Wednesday marked 100 days until the Paris Olympics gets underway – and also saw a mass eviction at France’s biggest migrant squat. French police were accused of trying to “clean up” Paris ahead of the Olympics which takes place from July 26 to August 11.

Dozens of gun-wielding French cops stormed the makeshift camp at an abandoned bus company headquarters in Vitry-sur-Seine.

The French gendarmes, clad in riot gear, were filmed breaking down doors and escorting migrants out of the building. Many migrants were seen clutching bags, suitcases, or trolleys as they left the site.

Human rights groups slammed the move to make the city more palatable to tourists this summer. The camp had become home to more than 450 migrants, mostly young men but also women and children.

Paul Alauzy of the humanitarian organization Médecins du Monde, said: “The squat was the biggest in France. It doubled in size in one year because of the Olympics. Last year, authorities cleared out migrants from near the Olympic Village, and many displaced people came here.

“There are spaces in shelters near Paris, but clearly they want to move them away from the capital, especially before the Olympics.”

Buses outside the migrant squat waited to take them to either Orleans or Bordeaux. One French official was heard telling a migrant: “You know in France, there isn’t just Paris. Bordeaux is nice, it’s warmer than here.”

Abakar, a 29-year-old from Sudan, said: “I want to stay here.” He did not want to leave Paris because he was enrolled in a logistics course and had been promised a job in a supermarket.

A mother from Sudan, Merci Daniel, voiced fears that she could be separated from her kids who were living in a shelter nearby.

The cities where the migrants are bused have also complained about the strategy. People in rural, small-town France have become increasingly angry over the busloads of migrants arriving from the capital.

The mayor of Orleans, Serge Grouard, declared that 500 migrants had arrived in his town over several months.

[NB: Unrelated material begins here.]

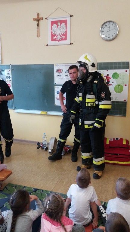 Uczniowie dowiedzieli się, że p raca strażaka jest ciężka i niebezpieczna. Poznali zadania i obowiązki członków OSP oraz dowiedzieli się,jakie predyspozycje powinien posiadać kandydat na strażaka. Strażacy zademonstrowali zasady udzielania pierwszej pomocy w nagłych wypadkach oraz przypomnieli numery alarmowe, które każdy powinien znać. Uczniowie mieli okazję zobaczyć, jak wygląda strój strażaka gotowego do akcji, obejrzeli również sprzęt ratowniczo - gaśniczy wykorzystywany do ratowania ludzkiego życia.
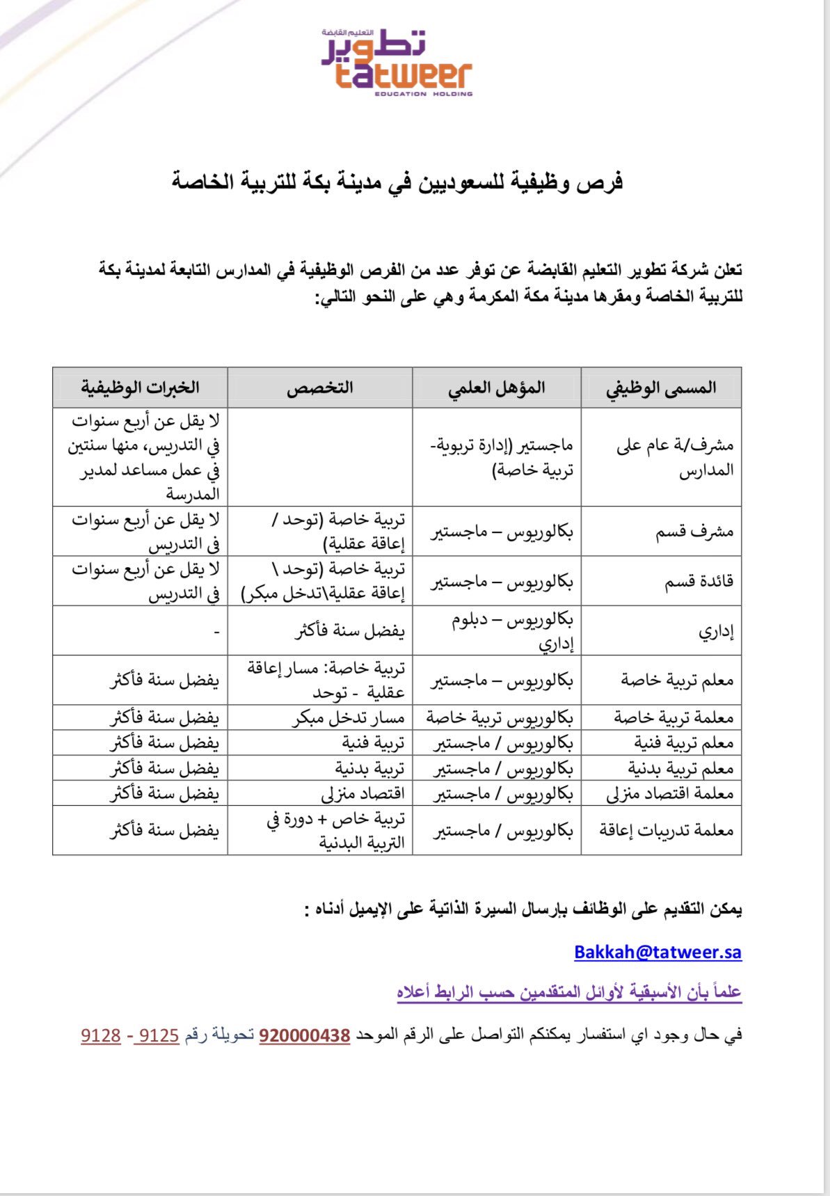 أعلنت شركة تطوير التعليم القابضة عن توفر وظائف تعليمية وإدارية ومساعدي معلمين للرجال والنساء في مدينة سناد للتربية الخاصة بمكة المكرمة مدينة بكة للتربية الخاصة سابقا لحملة البكالوريوس حديثي التخرج وذوي.

Mr Grouard said that he was never consulted before the migrants arrived in his town and that the undocumented people were left to fend for themselves after a three-week hotel stay paid for by the French state.

On Monday, French President Emmanuel Macron said this week that the Olympics opening ceremony could be cut back amid fears of an ISIS attack. He said the Games ceremony might be shifted from the River Seine to the national stadium.